Простак взглянул на визитку. Она ничего ему не сказала.
— Совершенно незнакомый тип. Кто-кто, а я немало поболтался по миру, но и не слыхивал про Дж. Бромли Липпинкотта.
— Адвокат, — прибавил Оскар, заглядывая ему через плечо. — Да, эта вот часть, про адвоката, мне совсем не нравится.
— Он сказал, что ему надо?
— Ни словечка. Нем, как могила.
— Наверное, пришел сделать предложение.
— Только не адвокат, — покачал головой Оскар. — Они предложений не делают. Может, вы чего-то натворили до театрального бизнеса? — с надеждой спросил он.
Простак превратился в энергичного администратора.
— Дам ему пять минут, послушаю, с чем явился. Зови его сюда, владычица моего сердца.
— Да, мой король.
Фричи уже трепетал, как осиновый лист.
— Знаете что? Пари держу, мы купили шоу не в том театре.

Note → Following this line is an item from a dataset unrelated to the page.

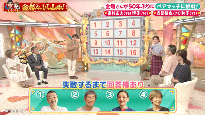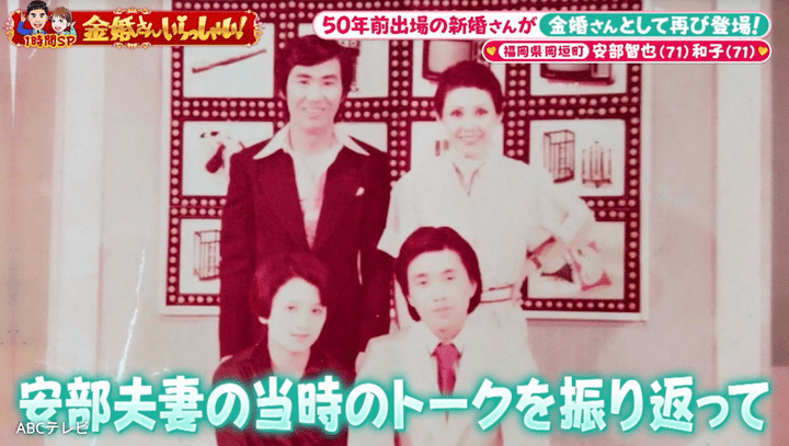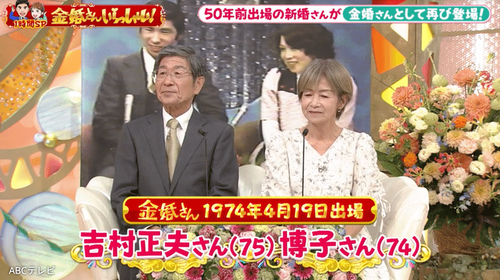 1組目の金婚さんは、1976年6月出場のご夫婦。福岡県岡垣町にお住まいで、朝ラジオ体操が日課の、共に元気な71歳だ。結婚して50年の現在、子ども2人、孫5人、そして今年8月に誕生したひ孫を含め13人の大家族となった。
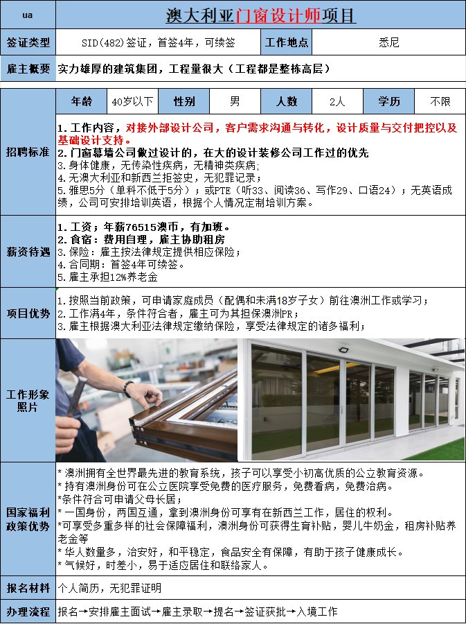 赴澳大利亚(悉尼)- 门窗设计师

Прежде чем Простак успел прокомментировать это неприятное предположение, вернулась Динти, ведя посетителя. Как только Простак увидел его, то тут же и понял, что посетитель необычный. Из тех, кто открывает в жизни новую эру.
20
Дж. Бромли Липпинкотт был высок, темноволос и похож на мертвеца. На вид ему было лет шестьдесят, но, вполне вероятно, он и в десять лет выглядел точно так же. Как часто бывает с адвокатами, казалось, что, насмотревшись на темные стороны жизни, он с ходу подозревает всех в самых гнусных преступлениях. «Устрашающий» — вот самая подходящая характеристика для Дж. Бромли, а «зловещий» — для пухлого портфеля, который он нес, точно щит. Труп в нем спрятать размеры не позволяли, разве что карлика, но темные секреты половины жителей Нью-Йорка вполне поместились бы, и у нервного наблюдателя тут же перед глазами всплывали документы, доказывающие что он, нервный наблюдатель, официально лишен всяких прав на владение имуществом или что-то в этом роде. Такой это был портфель.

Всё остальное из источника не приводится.